- Instructions for the task -
Give the records again exactly as written. Leave out the pictures.

- Given records -
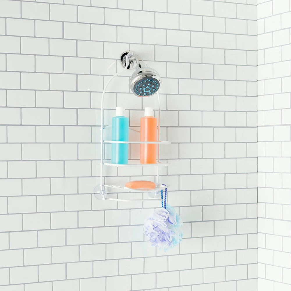 Perfect if you’re looking for a simple and sturdy solution for holding your basic shower essentials. This shower caddy is crafted with a thick, steel frame that is coated with a thick layer of vinyl to prevent rust and corrosion build up. With one shelf, you have room to hold an average size bottled shampoo and conditioner along with a small facial cleanser or shower gel. It also comes with compartment for bar of soap, with hooks at the sides for hanging loofahs, along with a lower bar for hang drying a face towel. No assembly is required, as there are back suction cups and a rubber-coated hook a the top that stick onto the bathroom tile and shower head. Hand wash to clean.
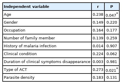 Table 2The correlation of age, gender, type of occupation, number of family member, history of malaria infection, clinical condition, duration of clinical symptoms disappearance, type of ACT and parasite density to parasite clearance
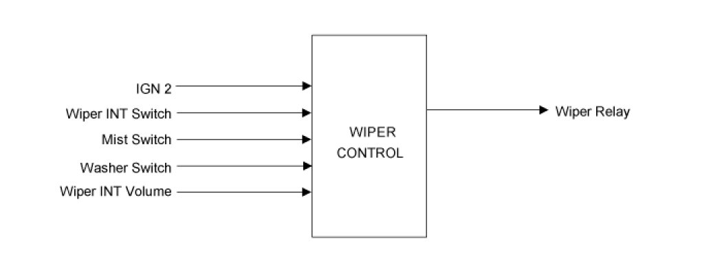 Variable INT Wiper is operated by INT volume when the input of INT WIPER switch is ON at the status of IGN2 ON.
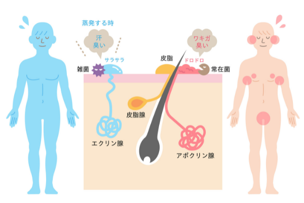一方でアポクリン腺から出る汗は水分だけではなく、脂肪酸やタンパク質などが多く含まれています。汗が出て放置していると、雑菌が汗に含まれる物質を分解して、刺激臭に変化するのです。
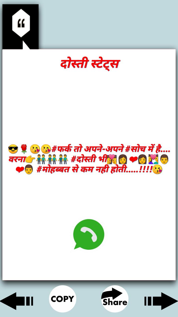 Dosti Status 2020 new daily updated new statusin hindi font, new hindi status, new hindi jokes and sms in romantic messages.
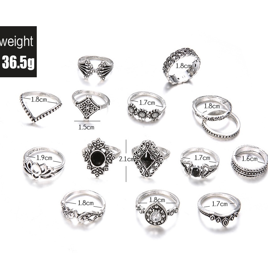 Conjunto de 15 peças de prata, anel temperamento de personalidade europeia e americana, lótus oco, girassol feminino

- Answer space -
 Perfect if you’re looking for a simple and sturdy solution for holding your basic shower essentials. This shower caddy is crafted with a thick, steel frame that is coated with a thick layer of vinyl to prevent rust and corrosion build up. With one shelf, you have room to hold an average size bottled shampoo and conditioner along with a small facial cleanser or shower gel. It also comes with compartment for bar of soap, with hooks at the sides for hanging loofahs, along with a lower bar for hang drying a face towel. No assembly is required, as there are back suction cups and a rubber-coated hook a the top that stick onto the bathroom tile and shower head. Hand wash to clean.
 Table 2The correlation of age, gender, type of occupation, number of family member, history of malaria infection, clinical condition, duration of clinical symptoms disappearance, type of ACT and parasite density to parasite clearance
 Variable INT Wiper is operated by INT volume when the input of INT WIPER switch is ON at the status of IGN2 ON.
一方でアポクリン腺から出る汗は水分だけではなく、脂肪酸やタンパク質などが多く含まれています。汗が出て放置していると、雑菌が汗に含まれる物質を分解して、刺激臭に変化するのです。
 Dosti Status 2020 new daily updated new statusin hindi font, new hindi status, new hindi jokes and sms in romantic messages.
 Conjunto de 15 peças de prata, anel temperamento de personalidade europeia e americana, lótus oco, girassol feminino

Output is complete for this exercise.